Extracted records
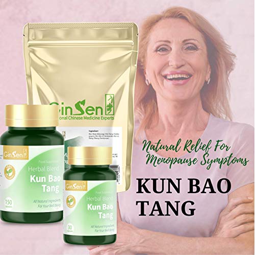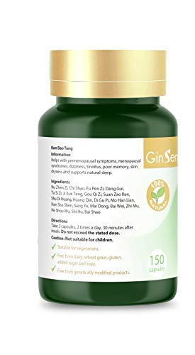 GinSen Kun Bao Tang Helps with Menopause, Hot Flashes, Night Sweats, Restlessness, Dizziness, Tinnitus, Poor Memory, Natural Supplement, Chinese Medicine, Made in UK (150 Capsules)
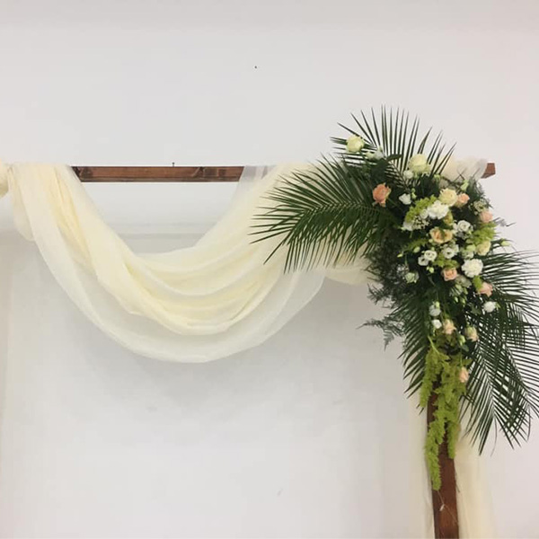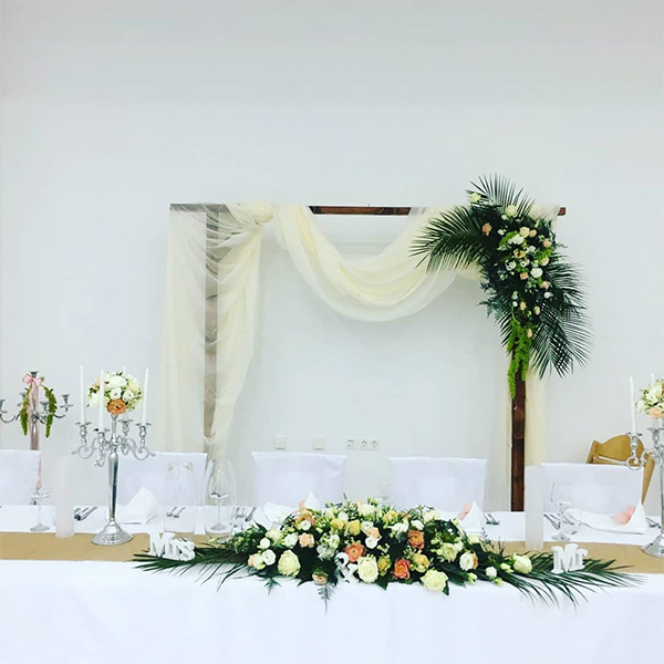 Dekoracija prostora je zelo pomembna saj poživi in vam popestri poročno vzdušje. Obok je primeren za matični obred na prostem, prihod neveste iz stanovanja, za cerkev…To si lahko izposodite pri nas v agenciji.
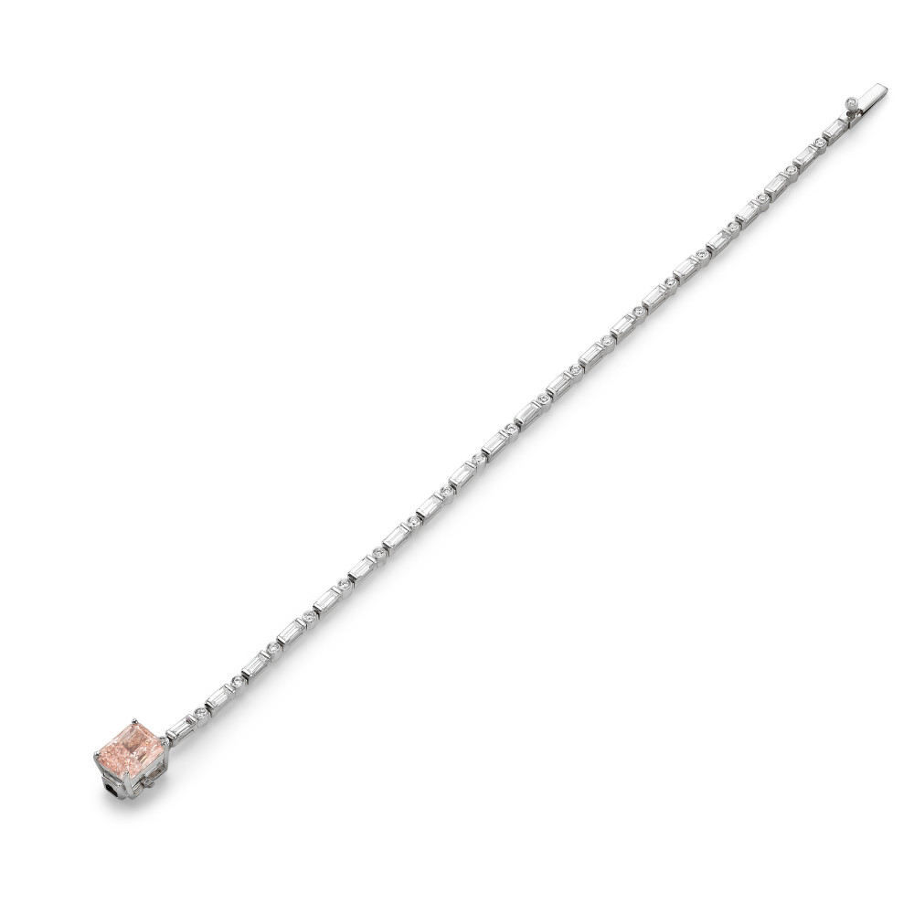 BRACELET SET WITH FANCY INTENSE PINK RADIANT LG DIAMOND, 2.93 CARAT, VS1 CLARITY ACCOMPANIED BY A CHAIN OF 43 BAGUETTE & ROUND BRILLIANT LG DIAMONDS
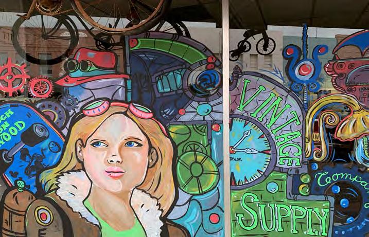 Knock on Wood Vintage Supply Co.’s storefront window in Downtown Texarkana features one of Darlene’s murals.
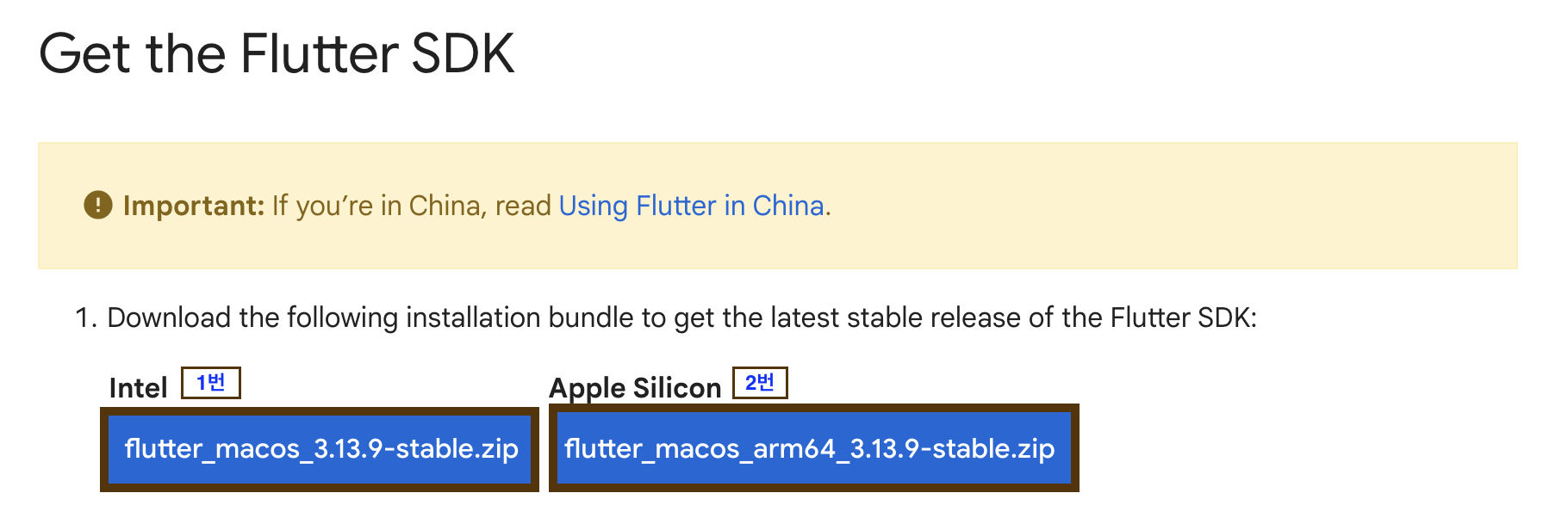 <mark style="color:blue;">03.</mark> 'Get the Flutter SDK'로 이동하면 두 가지 SDK가 보입니다. 인텔 기반 CPU를 장착한 맥이라면 첫번째를, M1 등 M으로 시작하는 계열의 CPU를 장착한 맥이라면 두번째를 클릭해 내려받습니다.&#x20;
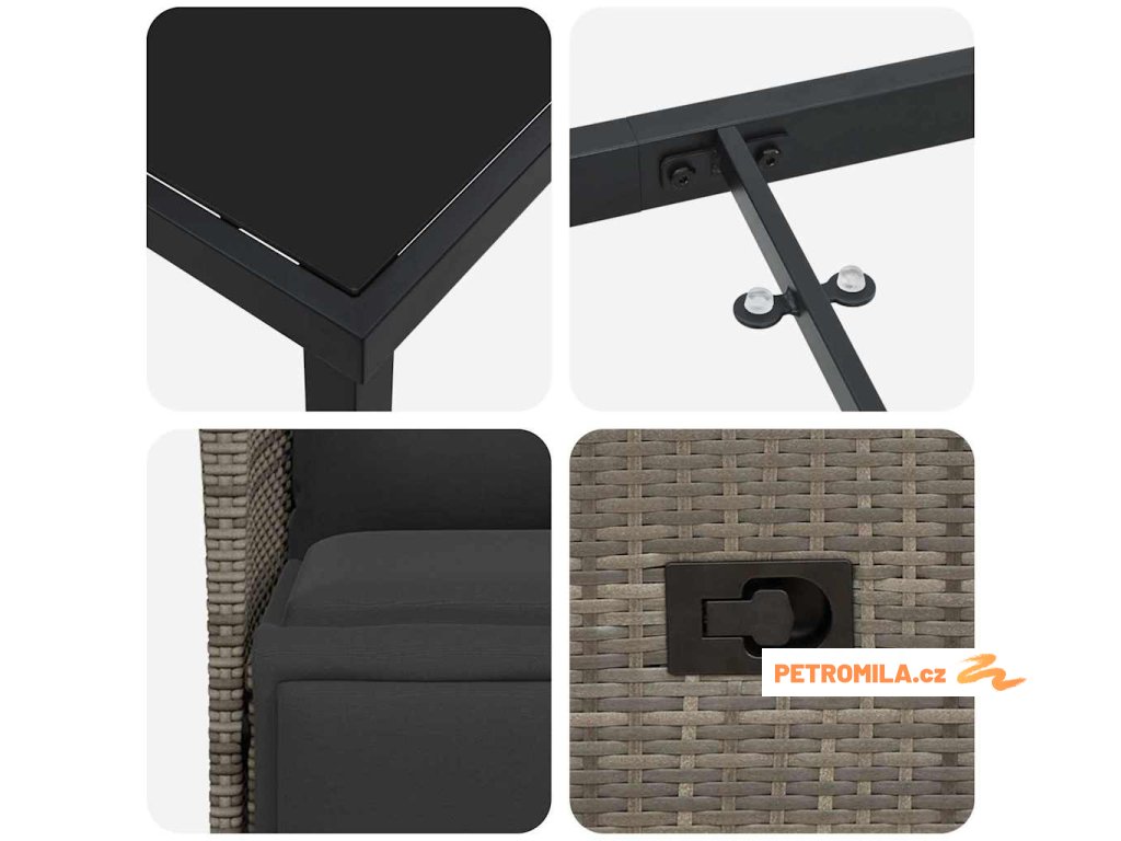 - Jednoduchá péče a údržba Chcete-li zajistit jeho dlouhou životnost, zakrývejte set, když ho nepoužíváte. Polštáře mají odnímatelné a pratelné potahy, což zjednodušuje údržbu a udržuje set v čistotě po celý rok.
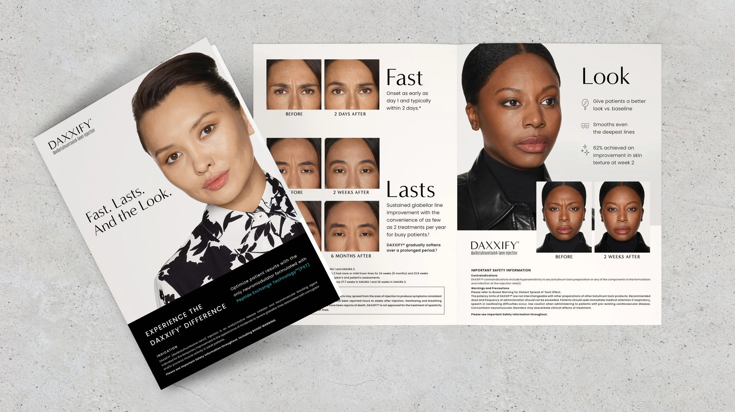 DAXXIFY launched as the newest neurotoxin on the market with the unmatched duration. As the Art Director during the development and launch of the brand, I designed the logo, created brand guidelines, created numerous campaign concepts, and developed the launch materials for both HCP and Consumer audiences.
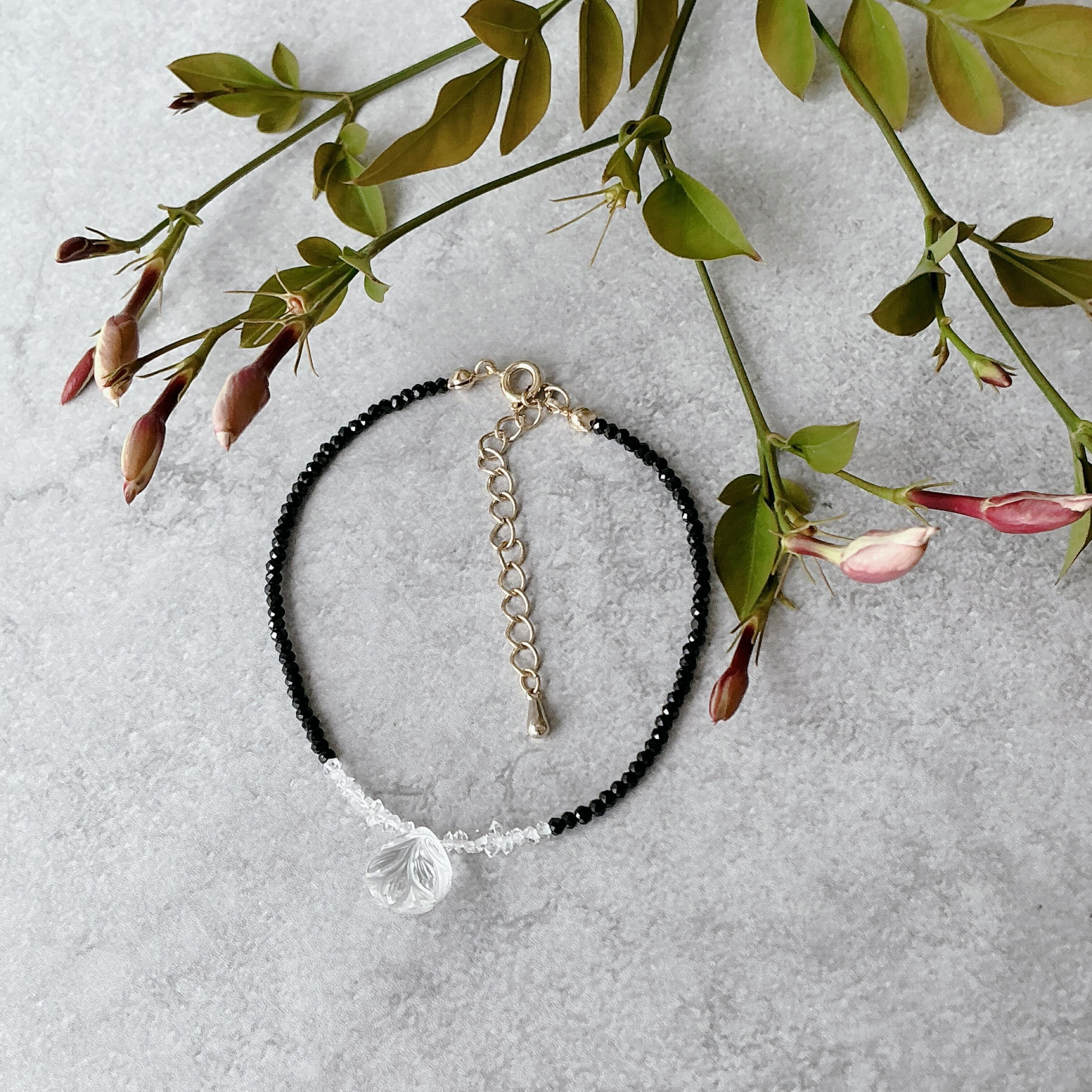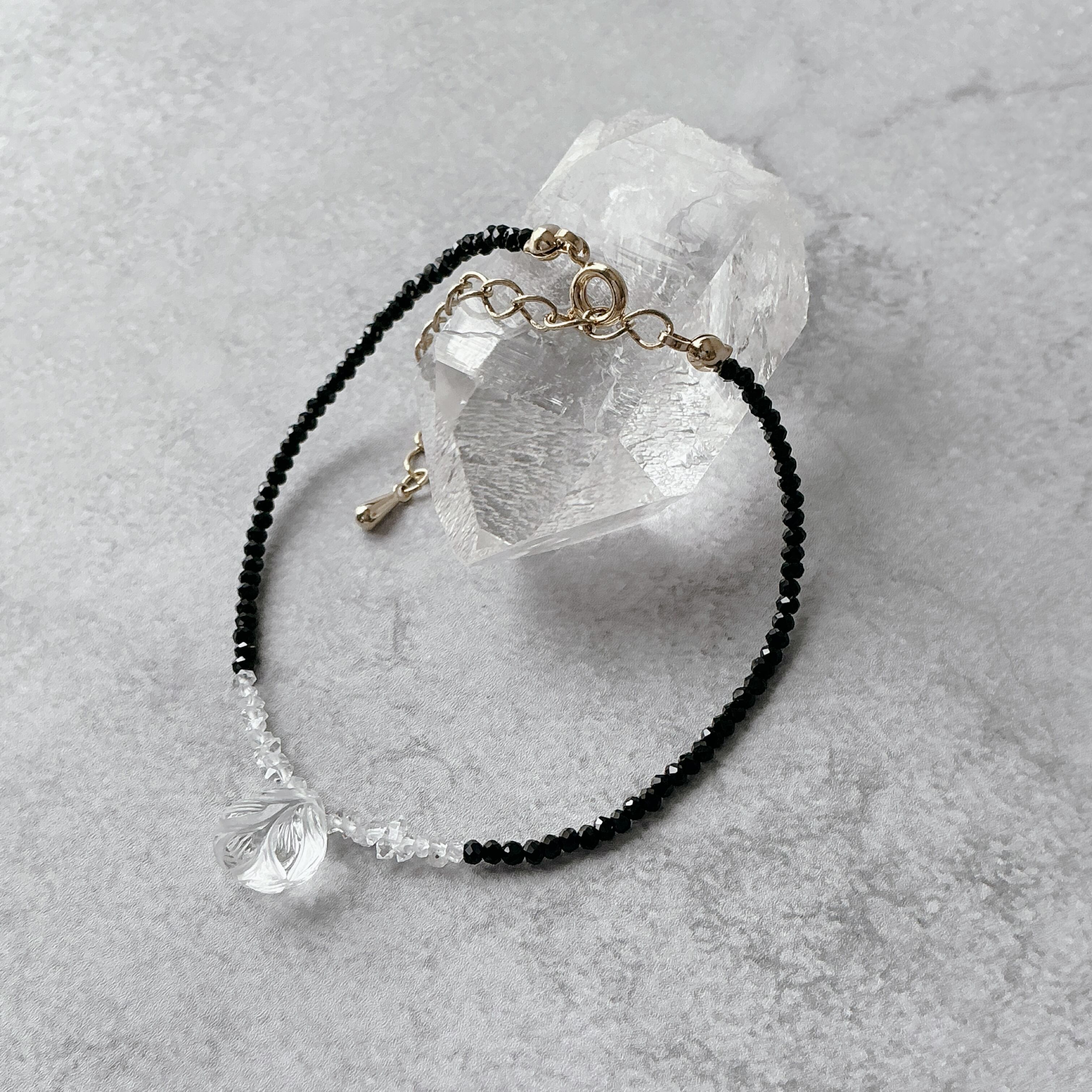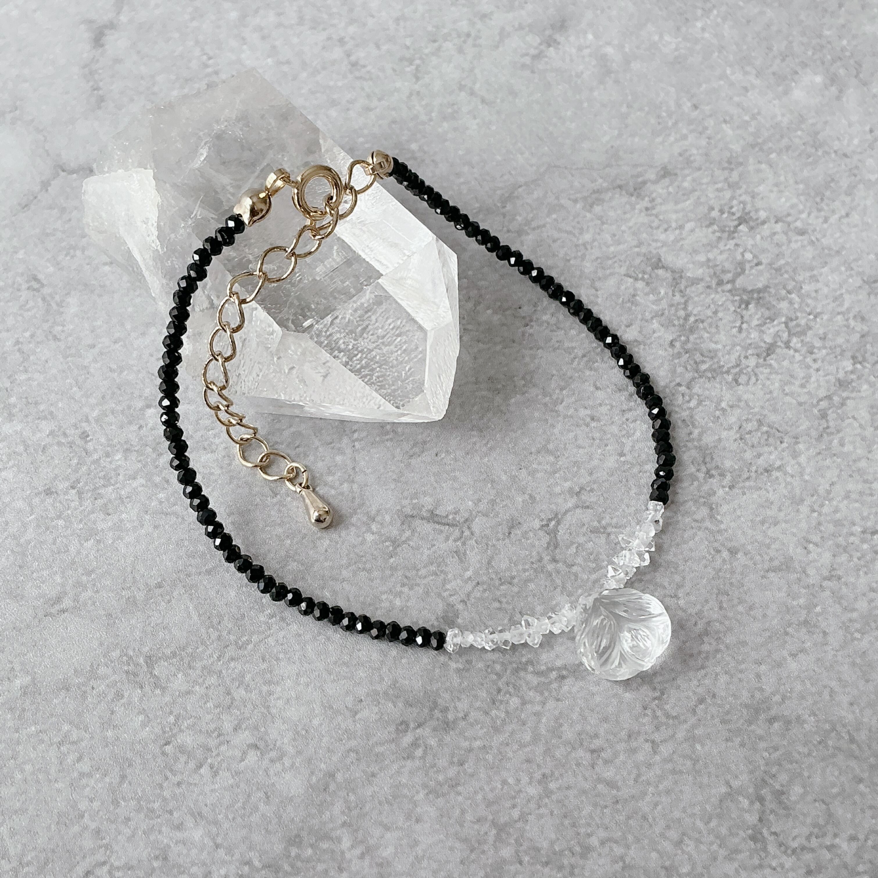光の7色を全て合わせると透明になる事、全ての光を吸収する黒、何だかそんな色の組み合わせも不思議だなと思いますし、ブレスレットとしての仕上がりが美しい作品となりました。中央部分の堀の美しい水晶が本当に可愛らしいので、ぜひご縁のありました方には楽しんでいただけたら嬉しいです。

### TASK DETAILS
Repeat all of the entries above exactly. Keep pictures out of it.

### OUTPUT OF THE TASK
 GinSen Kun Bao Tang Helps with Menopause, Hot Flashes, Night Sweats, Restlessness, Dizziness, Tinnitus, Poor Memory, Natural Supplement, Chinese Medicine, Made in UK (150 Capsules)
 Dekoracija prostora je zelo pomembna saj poživi in vam popestri poročno vzdušje. Obok je primeren za matični obred na prostem, prihod neveste iz stanovanja, za cerkev…To si lahko izposodite pri nas v agenciji.
 BRACELET SET WITH FANCY INTENSE PINK RADIANT LG DIAMOND, 2.93 CARAT, VS1 CLARITY ACCOMPANIED BY A CHAIN OF 43 BAGUETTE & ROUND BRILLIANT LG DIAMONDS
 Knock on Wood Vintage Supply Co.’s storefront window in Downtown Texarkana features one of Darlene’s murals.
 <mark style="color:blue;">03.</mark> 'Get the Flutter SDK'로 이동하면 두 가지 SDK가 보입니다. 인텔 기반 CPU를 장착한 맥이라면 첫번째를, M1 등 M으로 시작하는 계열의 CPU를 장착한 맥이라면 두번째를 클릭해 내려받습니다.&#x20;
 - Jednoduchá péče a údržba Chcete-li zajistit jeho dlouhou životnost, zakrývejte set, když ho nepoužíváte. Polštáře mají odnímatelné a pratelné potahy, což zjednodušuje údržbu a udržuje set v čistotě po celý rok.
 DAXXIFY launched as the newest neurotoxin on the market with the unmatched duration. As the Art Director during the development and launch of the brand, I designed the logo, created brand guidelines, created numerous campaign concepts, and developed the launch materials for both HCP and Consumer audiences.
光の7色を全て合わせると透明になる事、全ての光を吸収する黒、何だかそんな色の組み合わせも不思議だなと思いますし、ブレスレットとしての仕上がりが美しい作品となりました。中央部分の堀の美しい水晶が本当に可愛らしいので、ぜひご縁のありました方には楽しんでいただけたら嬉しいです。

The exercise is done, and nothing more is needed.